The spatial overlap between highly suitable zones and the distribution of modified landscapes by human use suggests that there is a close relationship of A. aculeata with human settlements (Figure 4B). Also the abundancy of populations of Panama and Costa Rica maybe related to tree cover, with 67.5% and 61.9% respectively. In contrast, countries like El Salvador and Guatemala, with higher proportions of croplands (12.6% and 7.5%, respectively) and built areas (11.4% and 6.4%, respectively), display fragmented landscapes that may restrict dispersal and promote genetic differentiation (Table 2). It is important to note that Guatemala, El Salvador, Honduras, and Nicaragua have the lowest tree cover, the highest levels of habitat fragmentation and urbanization in the Isthmus, and relatively weak environmental policies. Rangelands, which dominate in Nicaragua (33.2%) and Honduras (35.6%), could function as intermediate habitats maintaining partial connectivity, although their effectiveness likely depends on the intensity of anthropogenic pressure and land conversion (Table 2). These patterns broadly align with niche model predictions, indicating that regions with more continuous natural vegetation are also those with higher genetic cohesion. Together, the patterns of genetic structure, admixture, and environmental suitability reveal a dynamic biogeographic history for A. aculeata in Central America, shaped by both biogeographic barriers and contemporary landscape configurations.
Discussion
The geological patterns and processes of Central America has profoundly influenced the biogeographic history of Neotropical flora, while population genomics seeks to uncover the microevolutionary processes that structure, connect, and shape populations through shared evolutionary histories. Central America, a globally recognized biodiversity hotspot, offers a unique context to explore these dynamics. In this study, we used the Neotropical palm A. aculeata as a model to investigate how the genetic diversity of a widely distributed lowland plant species is organized across the isthmus. This work presents the first comprehensive genomic survey of an open-canopy, lowland plant species across the entire Central American corridor, employing SNP markers to evaluate genome-wide diversity and ecological niche modelling. In the following sections, we discuss our key findings on the population structure of A. aculeata, emphasizing their evolutionary implications and potential applications for conservation and breeding strategies.

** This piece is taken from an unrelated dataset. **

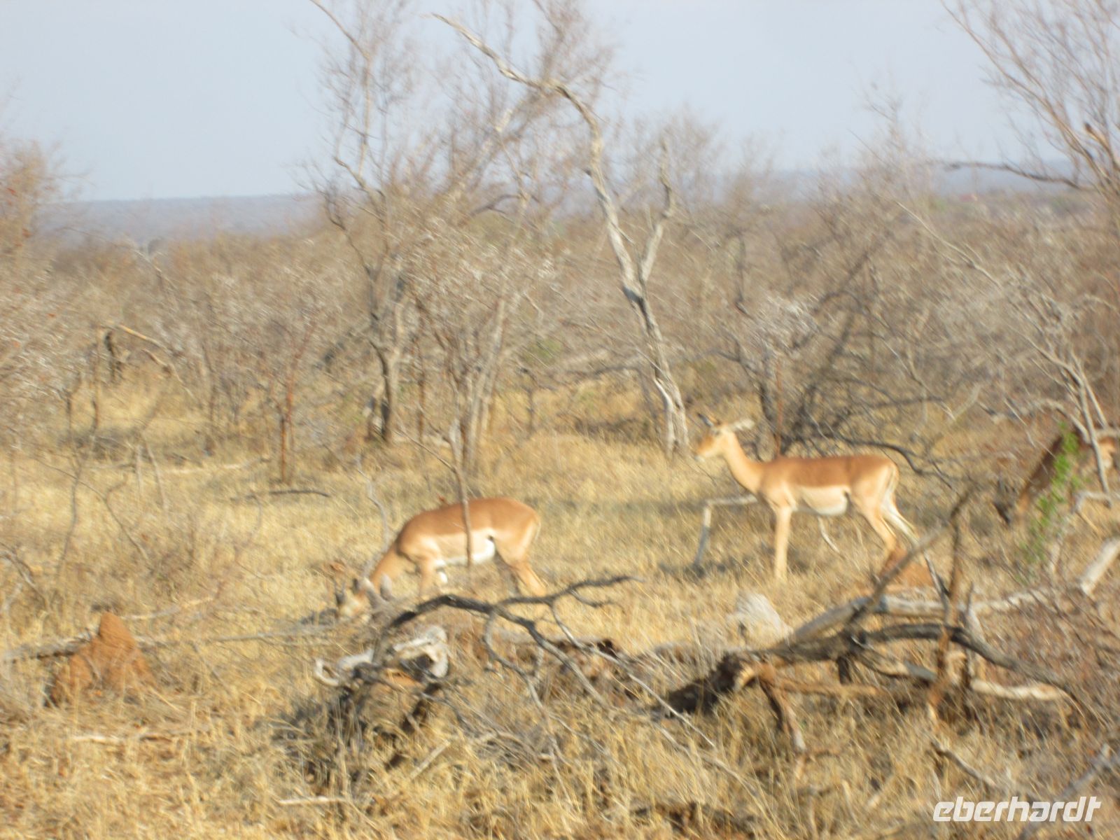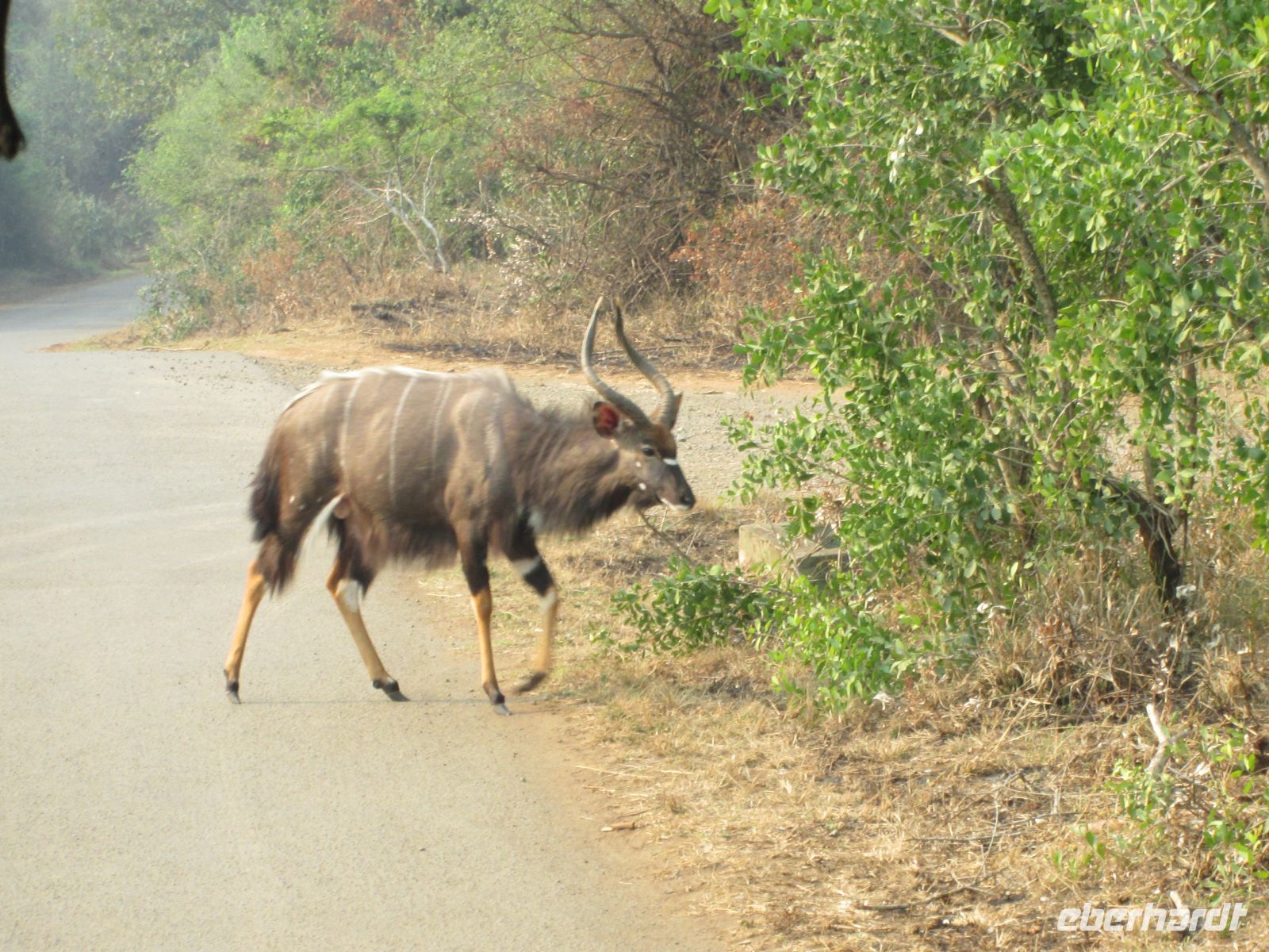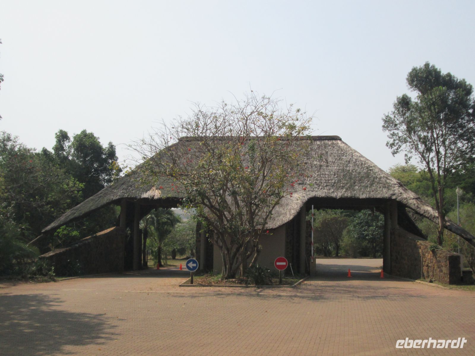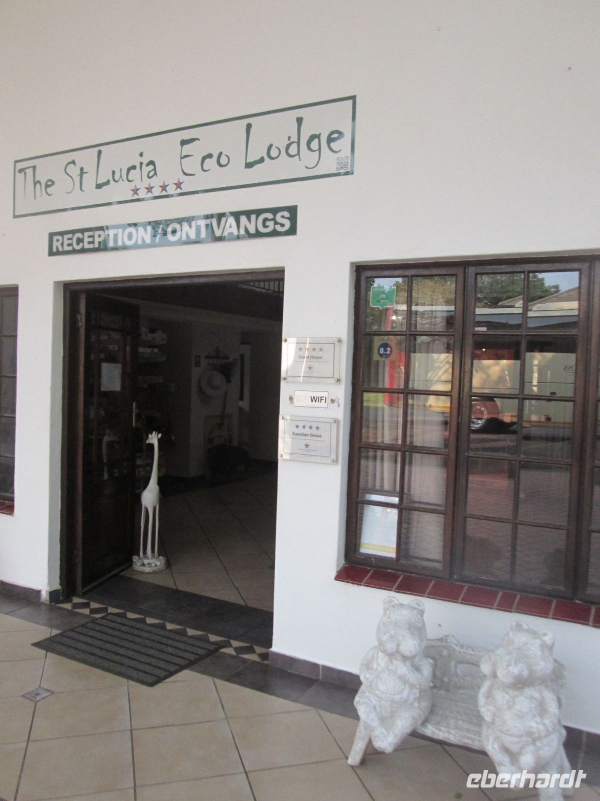 Mit dem Manager der Lodge ging es zwischen dem Eingangsportal, wo unser Bus aufgrund seiner Größe parken musste, per Pickup durch kurvenreiches Gelände zum Haupthaus, von dem man nochmals einen Teil des St. Lucia Sees sehen konnte. Impalas kamen extra, um uns zu begrüßen und die Affen sorgten aufgrund ihrer Spielchen für unsere Erheiterung. Ein gutes Abendessen mit z.B. Kudu-Fleisch rundete den Abend ab, bevor sich jeder in sein Häuschen zurückzog.

Biogeographic patterns and colonization history of A. aculeata in the Isthmus
Acrocomia aculeata inhabit tropical lowlands (0–1300 masl) across Central America. Their habitats shift from moist broadleaf forests to semi-arid environments. Population genomic analyses revealed that the Central American gene pool represents a genetically differentiated lineage from South American populations, likely shaped by historical isolation and limited contemporary gene flow. The Central American gene pool is composed of three major genomic groups and notably, the Nicaraguan Depression and the Talamanca Cordillera (Costa Rica) appear to act as major biogeographic barriers influencing the genetic structure of A. aculeata in the region (Figure 1). Central American populations of A. aculeata shows lower genetic diversity than South American ones, a pattern consistent with its biogeographic history. South America, particularly the Brazilian Shield, is considered the center of origin and long-term diversification for the genus, where large, continuous populations have persisted over evolutionary timescales, maintaining high levels of allelic richness and genetic variation (Díaz et al., 2021; Monge-Castro et al., 2025). Similar patterns in genetic structure and phylogenomic studies are also present in other palms genera such as Chamaedorea, Geonoma (Cano et al., 2022) and other clade species like entomofauna (Cano et al., 2018; Beza-Beza et al., 2021), arthropods (Crews and Esposito, 2020), Squamata (Saldarriaga-Córdoba et al., 2017), Anura (Wang et al., 2008; Mendoza-Henao et al., 2020), ichtyofauna (Matamoros et al., 2015), and parasites (Yisrael et al., 2024).
The origins and diversification of Acrocomia remain uncertain in the Isthmus, though current evidence supports a South American origin, particularly in the tropical lowlands of the Brazilian Cerrado biome (dry broadleaf forests, savannas, and xeric shrublands), 23 million BP ago, where species richness, genetic diversity is higher compared to Central American populations. These patterns suggest a south-to-north radiation across the Neotropics, eventually reaching Central America (Morcote-Ríos and Bernal, 2001), a dispersal dynamic also observed in other Bactridinae palms and tropical plant lineages (Gentry, 1982; Eiserhardt et al., 2011; Pérez-Escobar et al., 2019; Cano et al., 2022).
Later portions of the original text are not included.